# Data for analysis

☆ ☆ ☆ ☆ ☆

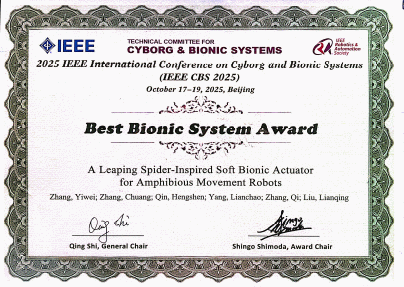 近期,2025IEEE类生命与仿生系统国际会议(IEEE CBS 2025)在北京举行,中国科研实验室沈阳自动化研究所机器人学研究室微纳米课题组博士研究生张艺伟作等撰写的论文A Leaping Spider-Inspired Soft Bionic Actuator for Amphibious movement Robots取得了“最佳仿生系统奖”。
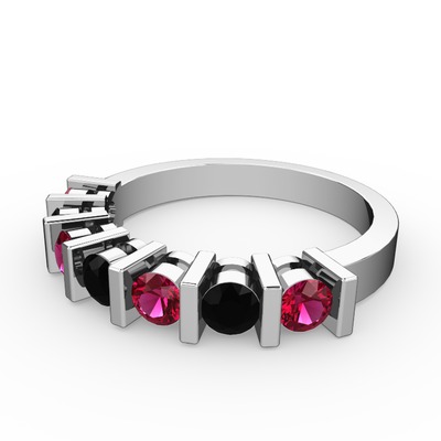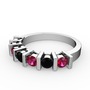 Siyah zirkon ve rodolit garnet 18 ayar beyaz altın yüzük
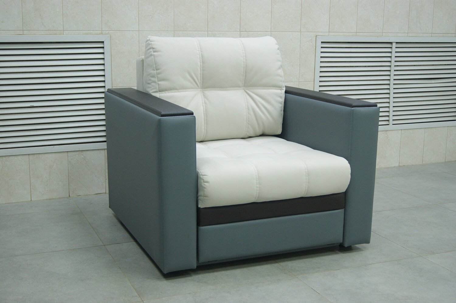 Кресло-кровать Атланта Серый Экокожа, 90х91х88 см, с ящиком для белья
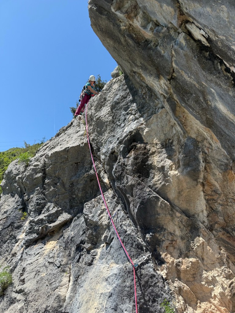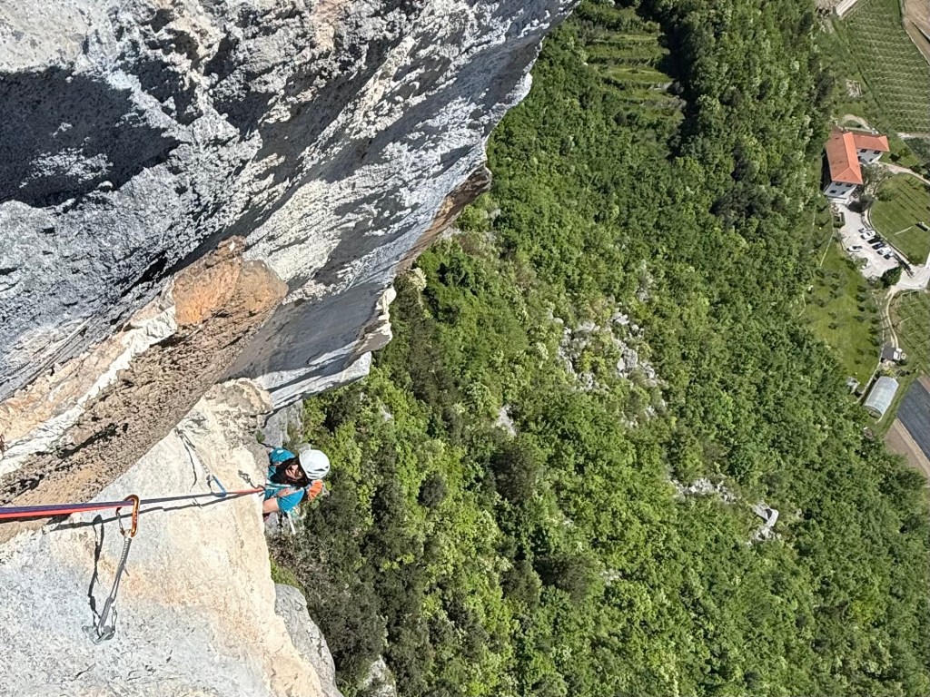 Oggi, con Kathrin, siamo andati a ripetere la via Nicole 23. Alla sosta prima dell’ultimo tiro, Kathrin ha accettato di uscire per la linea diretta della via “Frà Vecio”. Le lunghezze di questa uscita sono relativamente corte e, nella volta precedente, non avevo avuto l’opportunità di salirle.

☆ ☆ ☆ ☆ ☆

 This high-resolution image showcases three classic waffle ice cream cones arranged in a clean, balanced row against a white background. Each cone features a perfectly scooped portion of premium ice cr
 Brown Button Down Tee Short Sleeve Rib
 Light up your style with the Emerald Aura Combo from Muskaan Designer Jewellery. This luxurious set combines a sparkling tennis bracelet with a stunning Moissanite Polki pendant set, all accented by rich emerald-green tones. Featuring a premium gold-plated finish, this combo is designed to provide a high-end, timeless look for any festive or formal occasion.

☆ ☆ ☆ ☆ ☆

# Instructions to follow
For the entries above, state how many lines contain the word "high". Provide the number by itself.

# Answer to this task
2